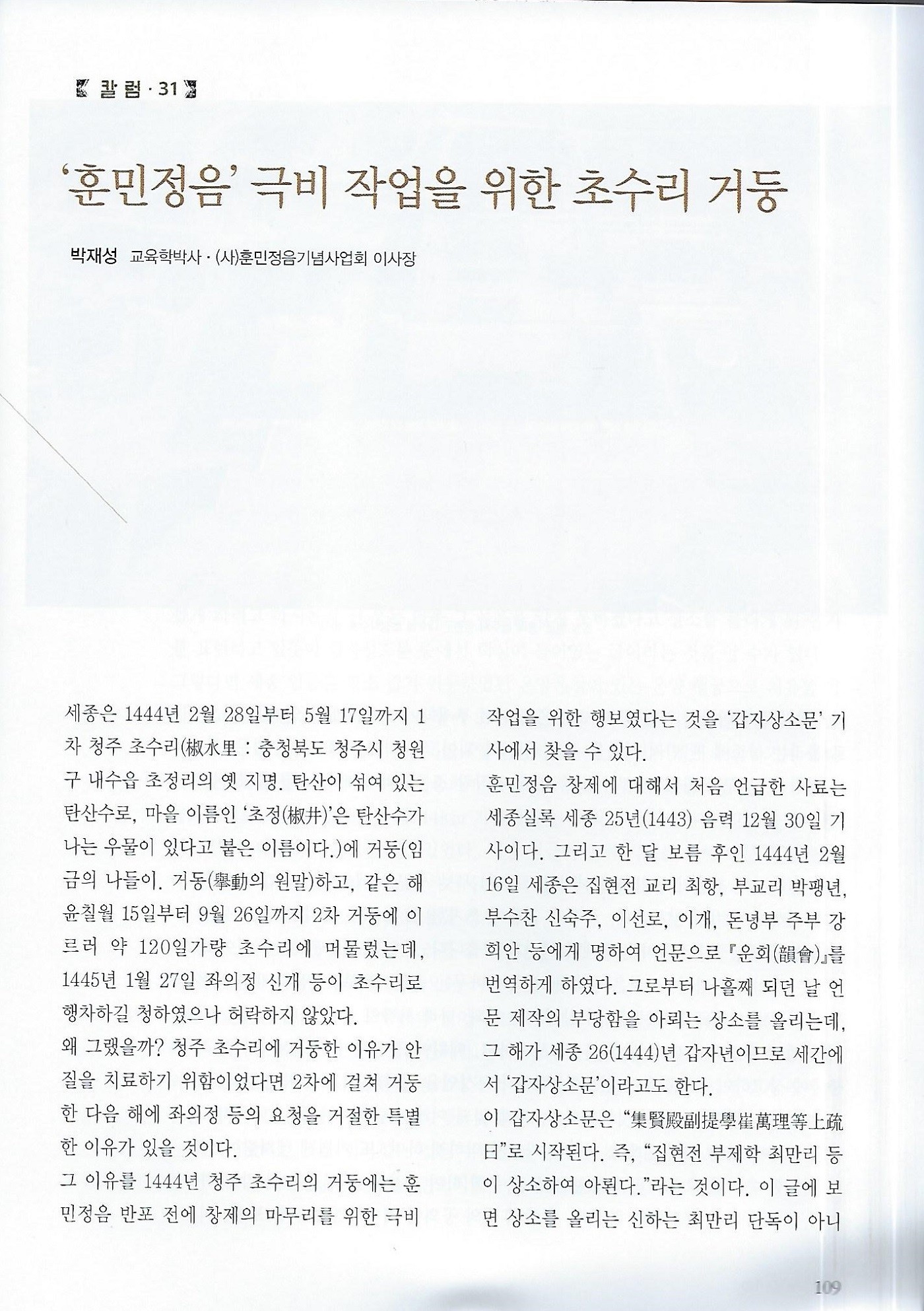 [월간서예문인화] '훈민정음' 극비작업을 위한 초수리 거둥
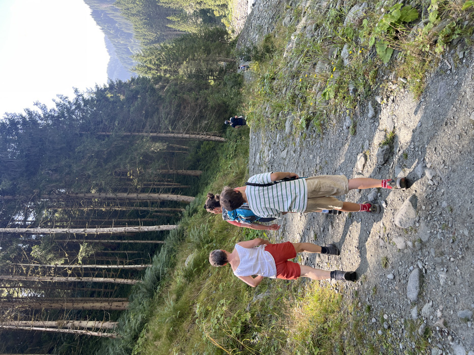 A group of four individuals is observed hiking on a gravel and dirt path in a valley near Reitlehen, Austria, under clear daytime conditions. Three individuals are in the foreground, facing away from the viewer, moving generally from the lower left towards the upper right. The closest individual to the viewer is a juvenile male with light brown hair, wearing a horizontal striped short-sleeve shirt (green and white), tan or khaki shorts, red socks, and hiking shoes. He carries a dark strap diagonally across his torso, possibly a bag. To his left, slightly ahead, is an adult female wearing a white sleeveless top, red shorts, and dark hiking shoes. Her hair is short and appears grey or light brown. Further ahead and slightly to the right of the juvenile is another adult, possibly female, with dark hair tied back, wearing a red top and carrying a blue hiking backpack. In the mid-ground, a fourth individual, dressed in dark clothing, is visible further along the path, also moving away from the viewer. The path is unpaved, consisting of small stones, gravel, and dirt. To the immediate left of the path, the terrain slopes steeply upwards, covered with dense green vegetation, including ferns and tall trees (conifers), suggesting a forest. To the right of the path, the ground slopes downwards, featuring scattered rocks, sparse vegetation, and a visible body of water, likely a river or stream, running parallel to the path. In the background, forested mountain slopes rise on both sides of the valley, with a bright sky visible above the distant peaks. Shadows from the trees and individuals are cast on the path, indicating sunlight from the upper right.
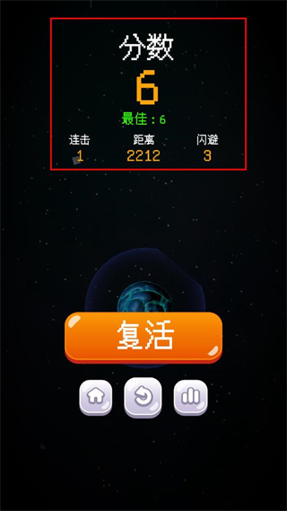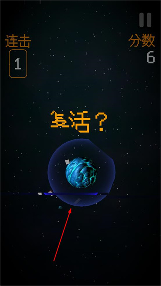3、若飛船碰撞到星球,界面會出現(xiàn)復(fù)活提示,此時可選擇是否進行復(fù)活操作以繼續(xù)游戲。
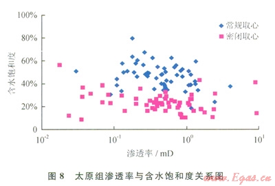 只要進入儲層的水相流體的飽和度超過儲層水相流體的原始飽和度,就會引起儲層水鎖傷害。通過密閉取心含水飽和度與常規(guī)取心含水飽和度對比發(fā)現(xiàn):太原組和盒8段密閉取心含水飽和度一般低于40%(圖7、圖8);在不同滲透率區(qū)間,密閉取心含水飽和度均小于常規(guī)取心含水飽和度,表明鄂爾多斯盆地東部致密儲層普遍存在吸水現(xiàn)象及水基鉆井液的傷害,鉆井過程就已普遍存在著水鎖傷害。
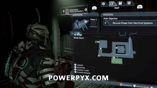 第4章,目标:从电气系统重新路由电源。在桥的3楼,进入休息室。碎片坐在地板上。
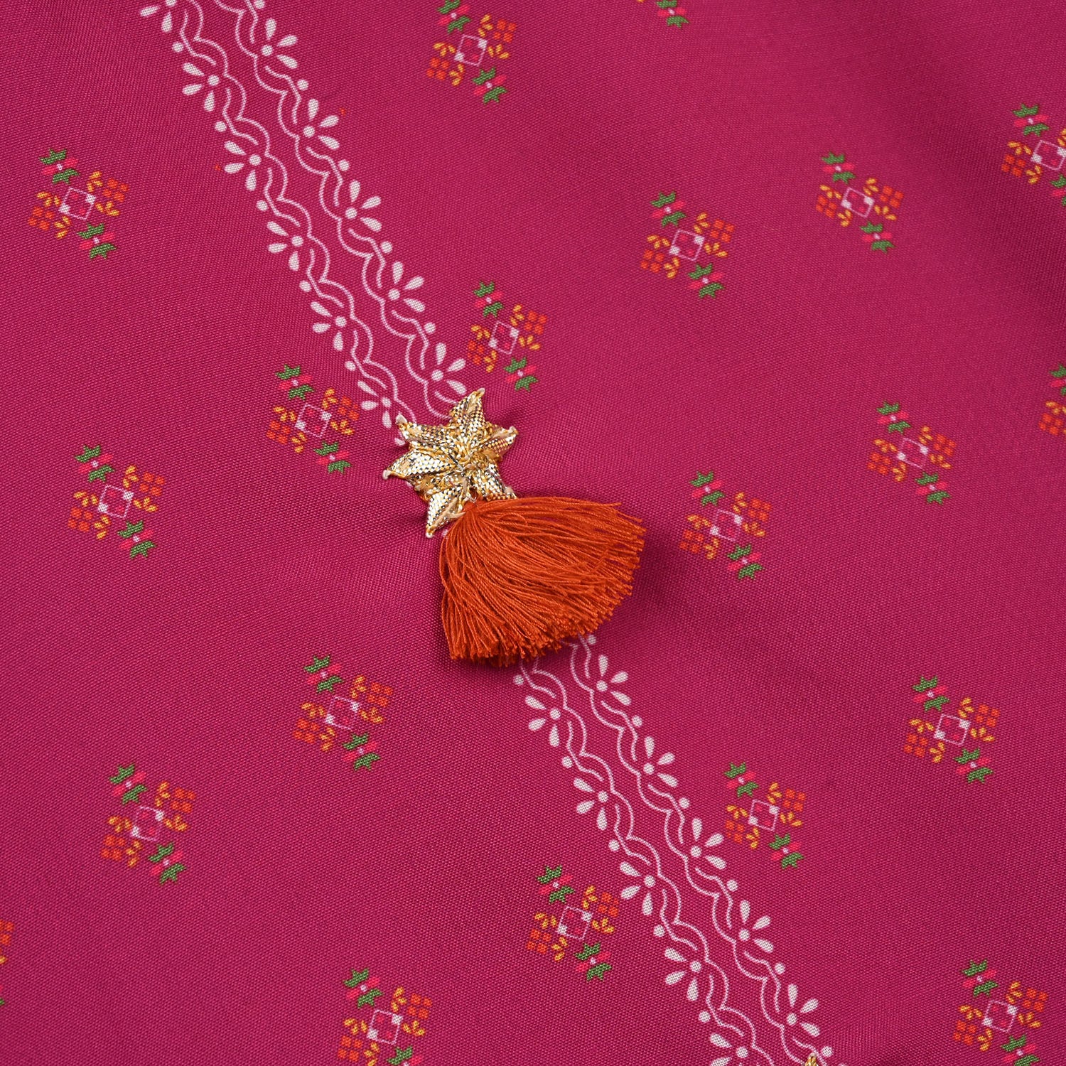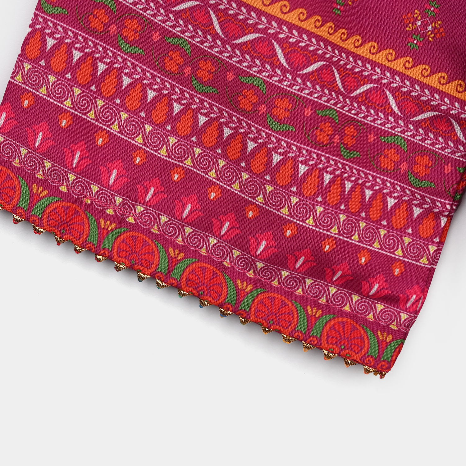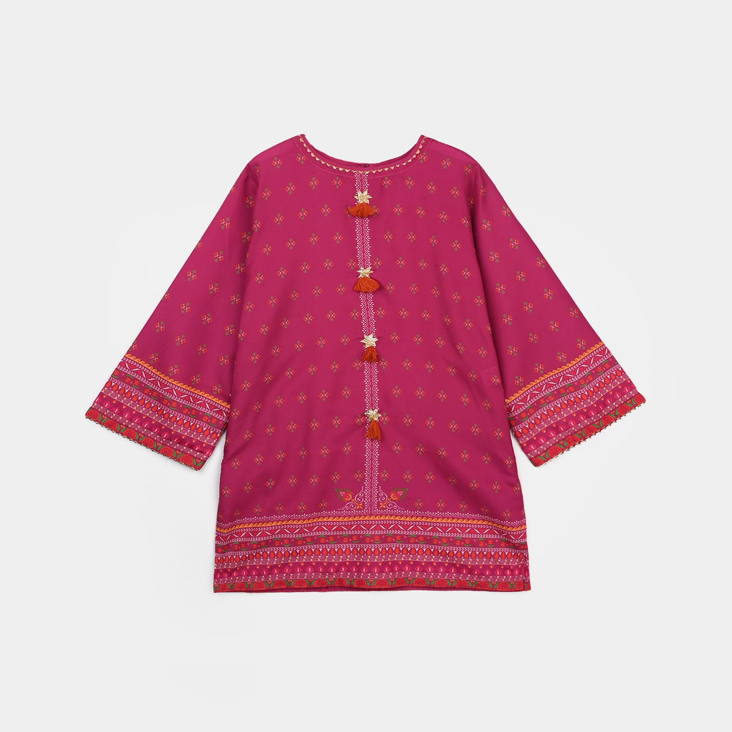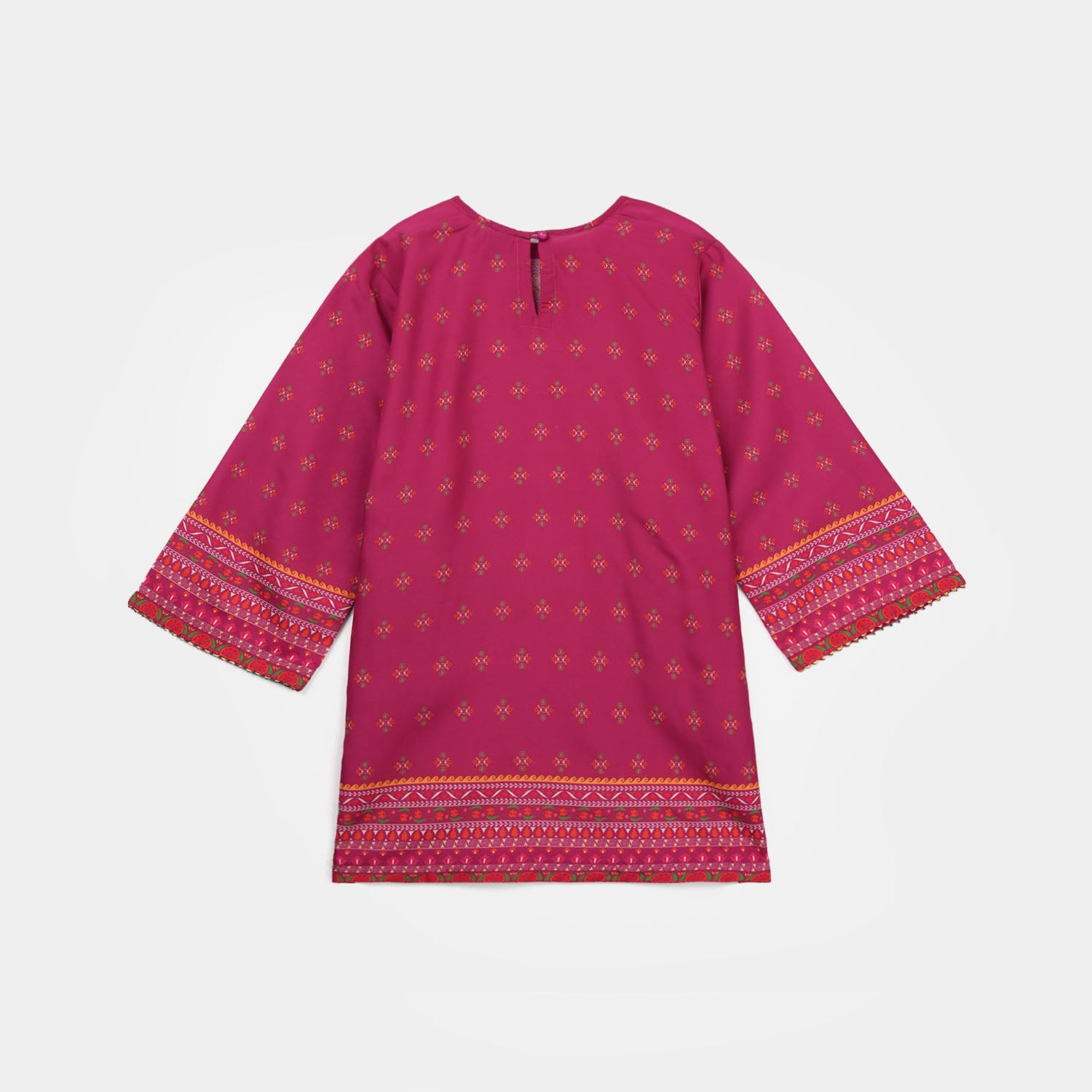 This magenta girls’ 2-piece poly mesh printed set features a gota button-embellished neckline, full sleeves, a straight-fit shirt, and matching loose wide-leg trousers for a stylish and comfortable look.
--------------------
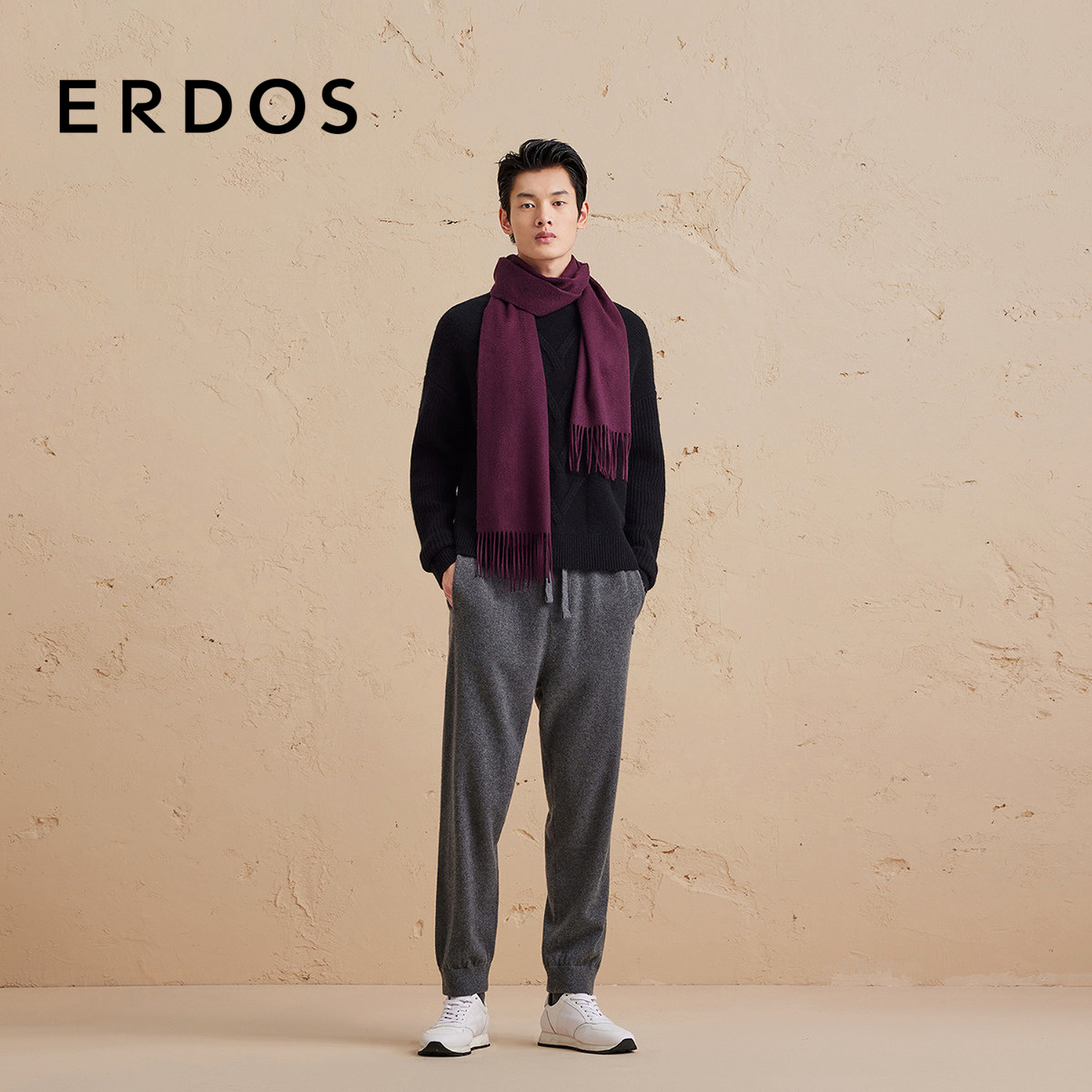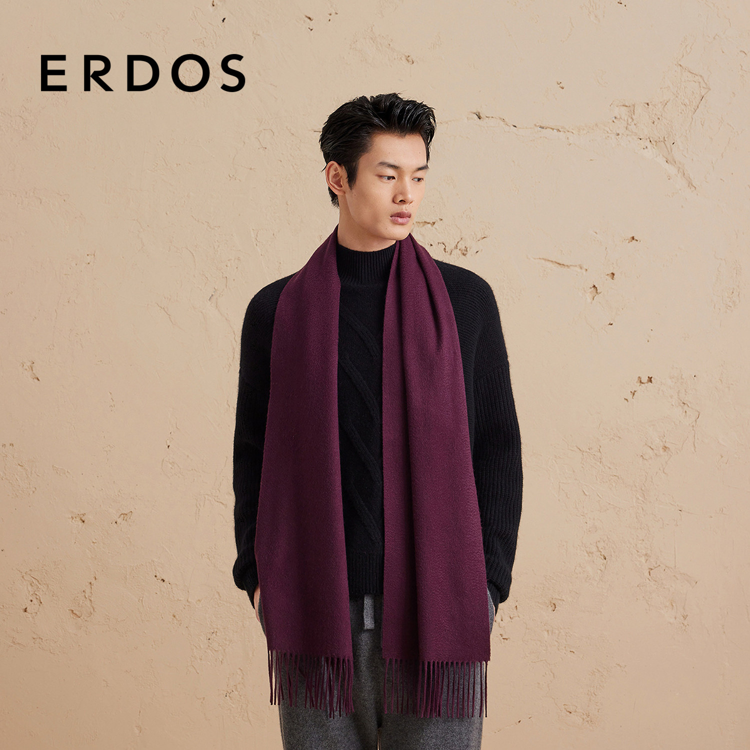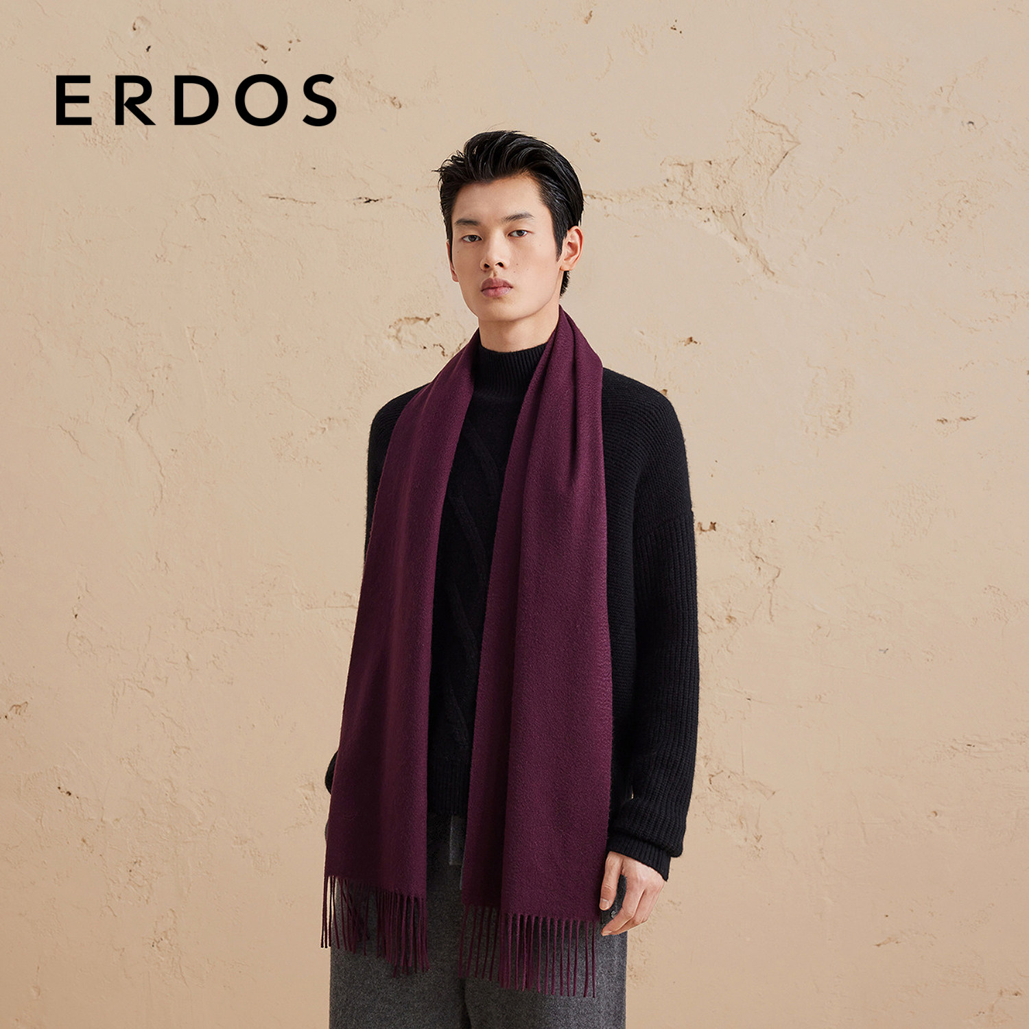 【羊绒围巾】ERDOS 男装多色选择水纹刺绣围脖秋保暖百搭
--------------------
• _Your goal_: Would you write out exactly the lines above, starting at the line containing "只要進入儲層的水相流體的飽和" and stopping after the line containing "This magenta girls’"? Omit the pictures.

• _Answer for the task_:
 只要進入儲層的水相流體的飽和度超過儲層水相流體的原始飽和度,就會引起儲層水鎖傷害。通過密閉取心含水飽和度與常規(guī)取心含水飽和度對比發(fā)現(xiàn):太原組和盒8段密閉取心含水飽和度一般低于40%(圖7、圖8);在不同滲透率區(qū)間,密閉取心含水飽和度均小于常規(guī)取心含水飽和度,表明鄂爾多斯盆地東部致密儲層普遍存在吸水現(xiàn)象及水基鉆井液的傷害,鉆井過程就已普遍存在著水鎖傷害。
 第4章,目标:从电气系统重新路由电源。在桥的3楼,进入休息室。碎片坐在地板上。
 This magenta girls’ 2-piece poly mesh printed set features a gota button-embellished neckline, full sleeves, a straight-fit shirt, and matching loose wide-leg trousers for a stylish and comfortable look.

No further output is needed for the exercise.